When millions of Americans sit down for Thanksgiving dinner on Thursday, it’s very likely that at least one, but possibly more, Hormel Foods (NYSE: HRL) products will be a part of the festivities. After all, Hormel is the food giant behind Jennie-O turkey, along with other popular products like Spam and Chi-Chi’s.
Hormel reported better-than-expected quarterly earnings on Tuesday, and the company is hoping Americans get their fill this Thanksgiving.
Record Financial Performance in Fiscal 2015
Hormel reported record earnings of $0.74 per share in the fourth quarter, up 17% year-over-year. That easily beat Wall Street expectations of $0.68 per share, although Hormel’s revenue of $2.4 billion came in just shy of the $2.54 billion projected. For the full year, earnings came in at a record $714 million, up 19% from the previous year.

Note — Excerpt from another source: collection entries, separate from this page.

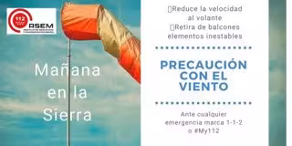 Nivel amarillo en la Sierra por viento - 112 COMUNIDAD
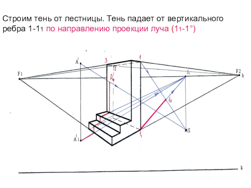 Слайд 14Строим тень от лестницы. Тень падает от вертикального ребра 1-11
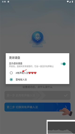 4、返回手机输入法切换界面,选择有声输入法作为当前输入方式。
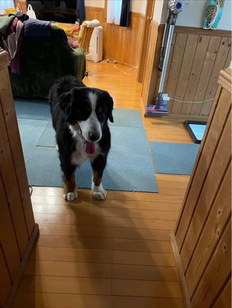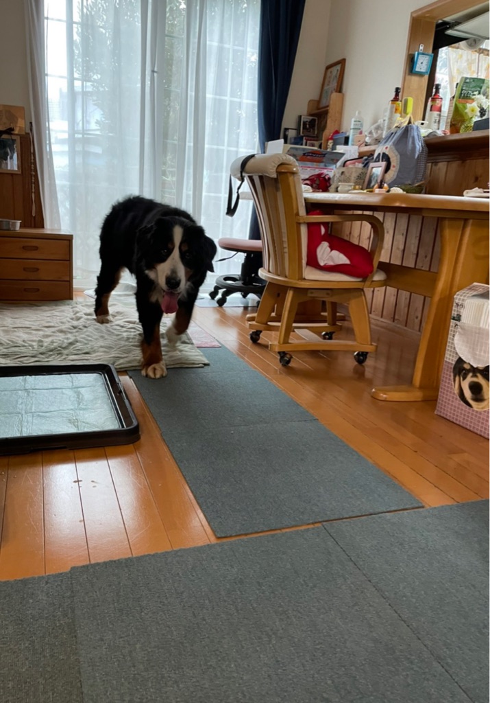 繁殖犬として ケージの中しか知らなかったバーニーズが 生まれて初めて家庭に入りました
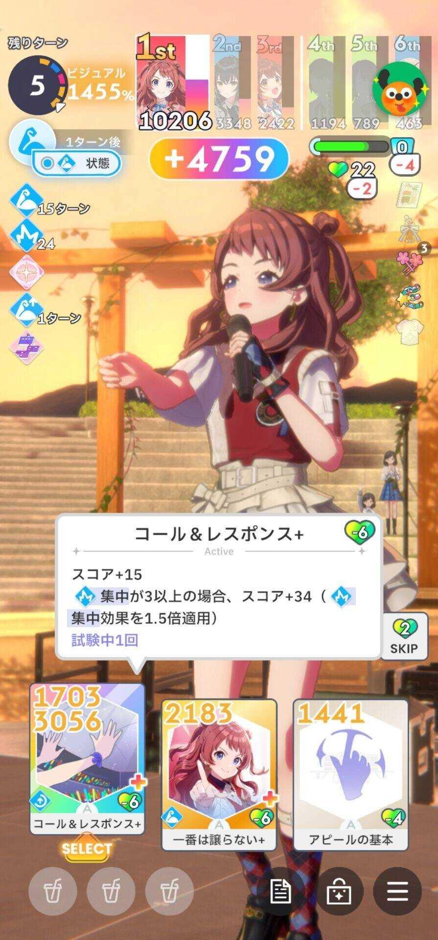 体力为0或者手牌极烂的情况可以选择右下方的skip空过这一回合,并且能帮助你手动恢复2点体力(这喘气有点亏本,感觉不如0费4元气。但人总是会折中的,如果10好调手上还有3张4费回心情的足取,并且左上方转盘是从没点过的属性,那偶尔喘口气也不是什么坏事(狗头))
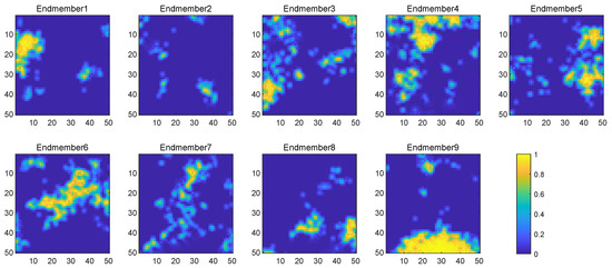 Ground-truth abundance maps associated to nine endmembers used in .
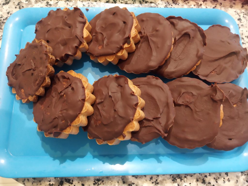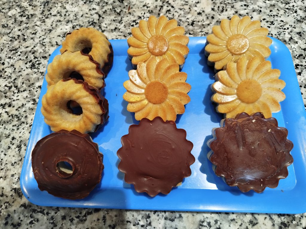 Hornear a 180ºC con calor arriba y abajo, durante 15 ó 20 minutos. Pinchar y ver que sale limpia. La temperatura puede variar, si son galletas más finas.
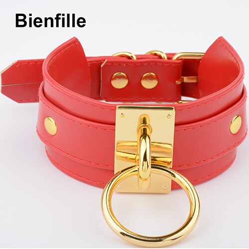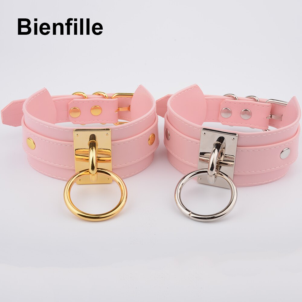 Cool Harajuku Oversized Women Necklace 40mm Gold Metal O Round Collars Kawaii Punk Heavy Duty Bondage BDSM Large Choker
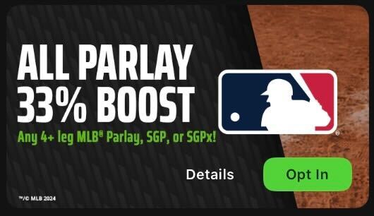 Place a 4+-leg parlay, Same Game Parlay or Same Game Parlay Plus bet on any MLB game on June 13th, 2024. Submit your entry and be sure to check the box in your bet slip to activate the 33% MLB parlay profit boost!

Hormel sees a year of robust growth ahead and raised its fiscal 2016 expectations. The company forecasts full-year earnings between $2.85-$2.95 per share. This is well ahead of the average analyst estimate of just $2.83 per share.
One of the biggest contributors to Hormel’s strong performance was the newly acquired Applegate Farms, a producer of deli meats, hot dogs, bacon and sausage. Applegate does not use antibiotics, hormones or artificial ingredients. Hormel bought Applegate in May for $775 million.
Hormel’s purchase of Applegate was a play on the health and wellness trend that is currently sweeping across America. Applegate is a leading organic foods company and is enjoying rapid growth.
Last quarter, Hormel’s refrigerated foods segment grew operating profit by 27%, year-over-year, due largely to the Applegate acquisition. This segment provides nearly half of Hormel’s revenue, which means continued growth in this category will be a substantial tailwind heading into 2016.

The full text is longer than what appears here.